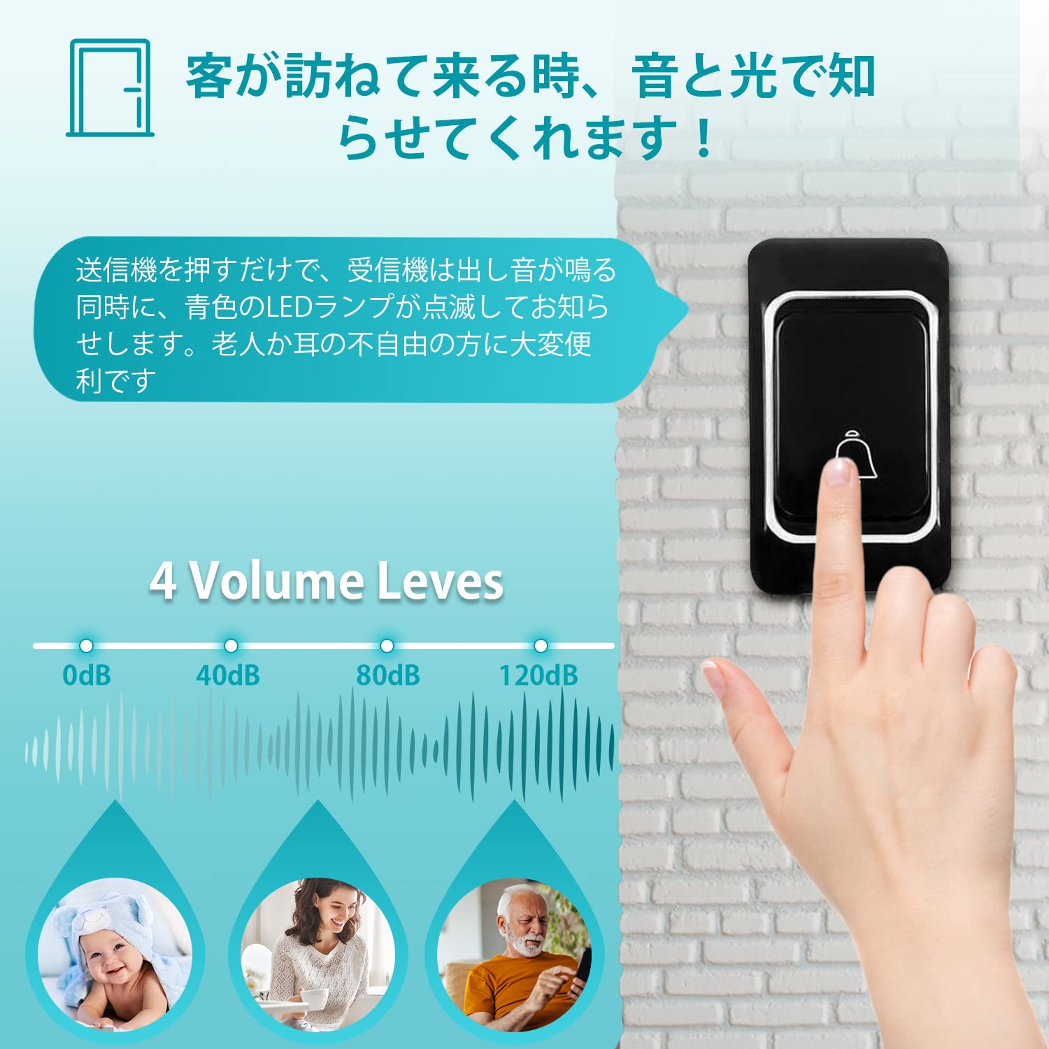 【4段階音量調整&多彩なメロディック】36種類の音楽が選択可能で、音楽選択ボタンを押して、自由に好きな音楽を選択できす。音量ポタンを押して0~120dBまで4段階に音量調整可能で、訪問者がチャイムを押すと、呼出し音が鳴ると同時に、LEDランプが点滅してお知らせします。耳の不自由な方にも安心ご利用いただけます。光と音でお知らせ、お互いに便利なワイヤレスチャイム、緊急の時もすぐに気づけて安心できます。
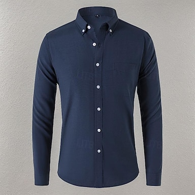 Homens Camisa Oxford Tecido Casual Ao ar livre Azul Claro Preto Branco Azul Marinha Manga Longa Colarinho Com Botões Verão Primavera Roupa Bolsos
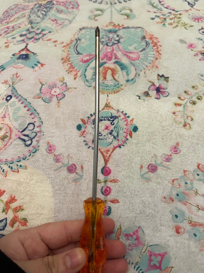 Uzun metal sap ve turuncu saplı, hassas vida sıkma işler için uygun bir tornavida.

§

TRY IT:
Emit an exact copy of the lines from the line bearing "Homens Camisa Oxford" through the last line above, inclusive, and leave the images out.

OUTPUT FOR THIS TASK:
 Homens Camisa Oxford Tecido Casual Ao ar livre Azul Claro Preto Branco Azul Marinha Manga Longa Colarinho Com Botões Verão Primavera Roupa Bolsos
 Uzun metal sap ve turuncu saplı, hassas vida sıkma işler için uygun bir tornavida.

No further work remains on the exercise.